# John Deere 8430 artic



## Tommy Dooley (Oct 29, 2019)

would anyone have experience with repair to an 8430 Artic , I’m a new member and have done some tests to Tractor , could do with some help If possible -


----------



## Hoodoo Valley (Nov 14, 2006)

Welcome to the forum Tommy. It's hard to make out the photo. What are you struggling with?


----------



## Tommy Dooley (Oct 29, 2019)

Hoodoo Valley said:


> Welcome to the forum Tommy. It's hard to make out the photo. What are you struggling with?


Hello hoodoo ,
My 8430 is a 1977 model , it stopped driving while on the road with no load on.
I towed it to the yard and removed the hi lo unit by turning the tractor on a full right turn , when I stripped the planetary hi lo unit all of the hi disk were burnt out and the splines were stripped off the disks, I replaced the parts and fitted new o rings , reinstalled unit and still no drive , I took it out again and tested the unit with air and it tested perfect , I reinstalled unit.
I then removed lh fuel tank and side Chassie rail to gain access to clutch valve where I tested the pressures . The clutch valve showed over 175psi with the lube port showing just slightly over 100psi which I think is normal , when I moved the hi lo lever the clutch pressure dropped and resumed immediately which to me says the hi lo is working .
All suction screens and filters are clean as I checked them .
The lift , pto , scv , steering and brakes are working fine . 
I just wondered if anyone on the forum has experience with these Tractors . 
The hyd gauge on dash does flash when tractor is running ?...
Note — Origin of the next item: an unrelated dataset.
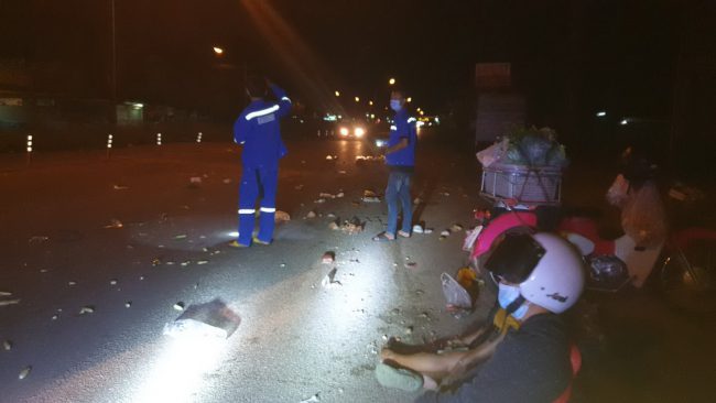 เมื่อเวลา 05.00 น. ของวันที่ 21 พ.ค.64 เกิดอุบัติเหตุรถ จยย.เฉี่ยวชนกันมีผู้ได้รับบาดเจ็บ บนถนนสุขุมวิท หลัก กม.ที่ 171-172 ขาเข้าพัทยา บริเวณหน้าร้านอู่ช่างพูล ใกล้ร้านเดช 31 หมูกระทะ บ้านเตาถ่าน ต.สัตหีบ อ.สัตหีบ จ.ชลบุรี ที่เกิดเหตุพบผู้ได้รับบาดเจ็บทราบชื่อ นางสาว สิณี แซ่โง้ว อายุ 52 ปี อาชีพแม่ค้าขี่รถ จยย.ขายของชำ อยู่บ้านเลขที่ 134/140 ม.4 ต.สัตหีบ อ.สัตหีบ จ.ชลบุรี ได้รับบาดเจ็บ ขา แขนหัก มีแผลถลอกตามร่างกาย นั่งอยู่บนถนนข้าวของประเภท ผัก ขนม ปลา กระจายเกลื่อนเต็มถนน สอบถามทราบว่า ได้ไปซื้อสิ่งของมาจากตลาดสัตหีบ เพื่อนำมาจัดเป็นชุดและขี่รถ จยย.ขายตามตรอกซอกซอยต่างๆ ขณะขี่รถ จยย.ฮอนด้า ซุปเปอร์คัพ สีขาวแดง ทะเบียน 3 กธ 3112 ชลบุรี มาตามถนน ได้มีวัยรุ่นขี่รถ จยย.ย้อนศรมาชนจนได้บบาดเจ็บก่อนขี่หลบหนีไป

I have no experience with these Tractors so any help would be great


----------



## Tommy Dooley (Oct 29, 2019)

Tommy Dooley said:


> Hello hoodoo ,
> My 8430 is a 1977 model , it stopped driving while on the road with no load on.
> I towed it to the yard and removed the hi lo unit by turning the tractor on a full right turn , when I stripped the planetary hi lo unit all of the hi disk were burnt out and the splines were stripped off the disks, I replaced the parts and fitted new o rings , reinstalled unit and still no drive , I took it out again and tested the unit with air and it tested perfect , I reinstalled unit.
> I then removed lh fuel tank and side Chassie rail to gain access to clutch valve where I tested the pressures . The clutch valve showed over 175psi with the lube port showing just slightly over 100psi which I think is normal , when I moved the hi lo lever the clutch pressure dropped and resumed immediately which to me says the hi lo is working .
> ...





Tommy Dooley said:


> Hello hoodoo ,
> My 8430 is a 1977 model , it stopped driving while on the road with no load on.
> I towed it to the yard and removed the hi lo unit by turning the tractor on a full right turn , when I stripped the planetary hi lo unit all of the hi disk were burnt out and the splines were stripped off the disks, I replaced the parts and fitted new o rings , reinstalled unit and still no drive , I took it out again and tested the unit with air and it tested perfect , I reinstalled unit.
> I then removed lh fuel tank and side Chassie rail to gain access to clutch valve where I tested the pressures . The clutch valve showed over 175psi with the lube port showing just slightly over 100psi which I think is normal , when I moved the hi lo lever the clutch pressure dropped and resumed immediately which to me says the hi lo is working .
> ...



Hoodoo , should I post this question in another area of the forum as I have had no reply’s ???


----------



## pogobill (Jan 31, 2012)

I know nothing f these tractors, so I can't help. Had a cat loader go down one time with a similar problem and it was a fuse / relay devise that was blown. 
I also notice from your first photo that there seems to be a pin and snap ring missing on the right had lever.


----------



## Tommy Dooley (Oct 29, 2019)

It's not powered by electrical , it's all mechanical , yes the pin and E clip was removed to check play in connect arm , well spotted but not the problem, thanks for you input


----------